* EXERCISE INSTRUCTIONS
Among the records below, find the line with "Теплий спортивний костюм" and the line with "Once a stately". Set down both and every line between, exactly and with no pictures, but nothing else.

* TASK MATERIAL
------------------------
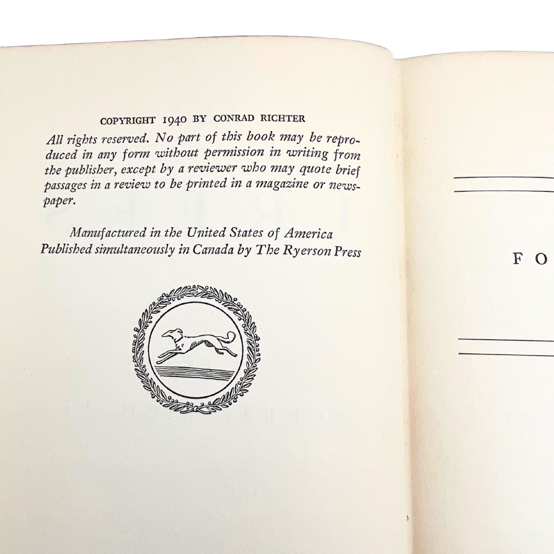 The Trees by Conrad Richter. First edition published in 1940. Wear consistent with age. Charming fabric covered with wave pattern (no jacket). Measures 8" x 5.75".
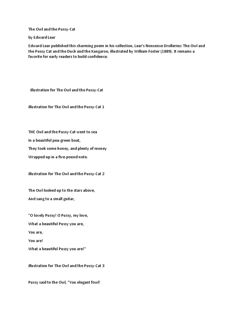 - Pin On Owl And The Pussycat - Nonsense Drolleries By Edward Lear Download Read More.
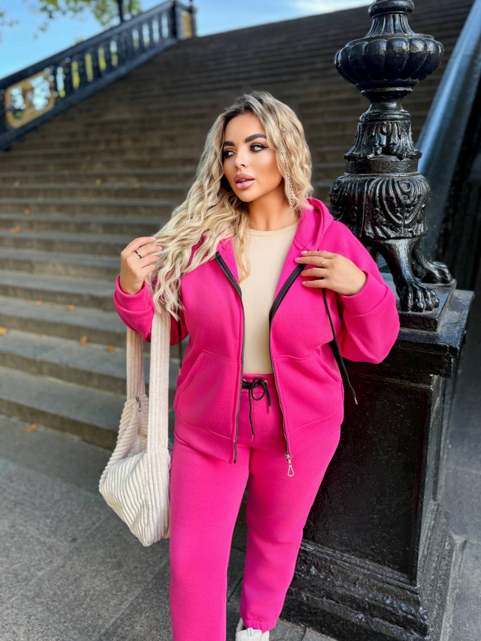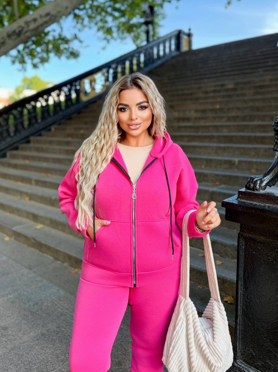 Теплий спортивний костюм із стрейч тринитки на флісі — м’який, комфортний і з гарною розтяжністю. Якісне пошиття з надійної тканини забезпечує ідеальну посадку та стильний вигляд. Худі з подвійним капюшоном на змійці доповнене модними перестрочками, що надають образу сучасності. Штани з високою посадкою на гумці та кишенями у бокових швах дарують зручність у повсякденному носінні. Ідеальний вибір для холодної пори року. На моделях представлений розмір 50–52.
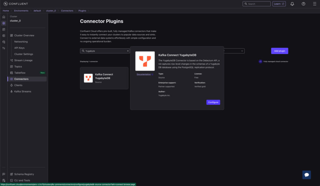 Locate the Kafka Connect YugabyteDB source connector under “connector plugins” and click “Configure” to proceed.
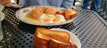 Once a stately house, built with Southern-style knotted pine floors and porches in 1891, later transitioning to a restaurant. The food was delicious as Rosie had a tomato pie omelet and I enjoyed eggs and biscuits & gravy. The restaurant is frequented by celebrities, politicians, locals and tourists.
------------------------
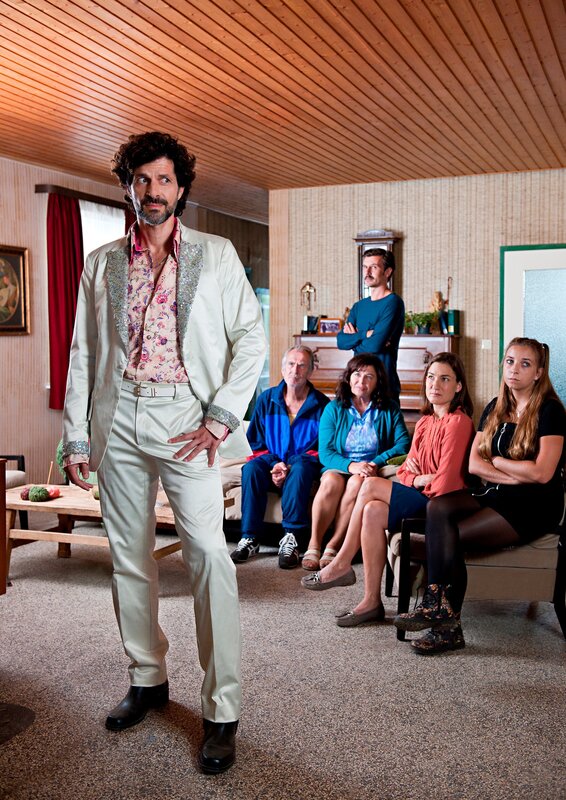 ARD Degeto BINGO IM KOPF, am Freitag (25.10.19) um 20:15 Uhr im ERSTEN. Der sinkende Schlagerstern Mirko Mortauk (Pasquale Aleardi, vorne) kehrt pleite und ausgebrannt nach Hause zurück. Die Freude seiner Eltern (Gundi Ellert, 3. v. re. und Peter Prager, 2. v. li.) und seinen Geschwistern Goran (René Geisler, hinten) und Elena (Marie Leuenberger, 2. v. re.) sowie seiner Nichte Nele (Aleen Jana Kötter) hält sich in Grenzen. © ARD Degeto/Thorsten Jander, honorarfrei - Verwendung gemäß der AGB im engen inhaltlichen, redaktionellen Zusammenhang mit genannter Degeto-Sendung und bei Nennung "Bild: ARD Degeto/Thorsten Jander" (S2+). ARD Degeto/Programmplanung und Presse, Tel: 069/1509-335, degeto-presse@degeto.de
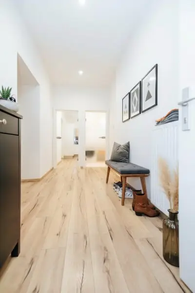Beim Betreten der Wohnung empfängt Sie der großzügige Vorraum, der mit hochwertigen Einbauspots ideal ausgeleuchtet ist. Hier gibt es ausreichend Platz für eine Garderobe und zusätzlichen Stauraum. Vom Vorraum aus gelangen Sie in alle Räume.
------------------------
* RESULT BELOW
 Теплий спортивний костюм із стрейч тринитки на флісі — м’який, комфортний і з гарною розтяжністю. Якісне пошиття з надійної тканини забезпечує ідеальну посадку та стильний вигляд. Худі з подвійним капюшоном на змійці доповнене модними перестрочками, що надають образу сучасності. Штани з високою посадкою на гумці та кишенями у бокових швах дарують зручність у повсякденному носінні. Ідеальний вибір для холодної пори року. На моделях представлений розмір 50–52.
 Locate the Kafka Connect YugabyteDB source connector under “connector plugins” and click “Configure” to proceed.
 Once a stately house, built with Southern-style knotted pine floors and porches in 1891, later transitioning to a restaurant. The food was delicious as Rosie had a tomato pie omelet and I enjoyed eggs and biscuits & gravy. The restaurant is frequented by celebrities, politicians, locals and tourists.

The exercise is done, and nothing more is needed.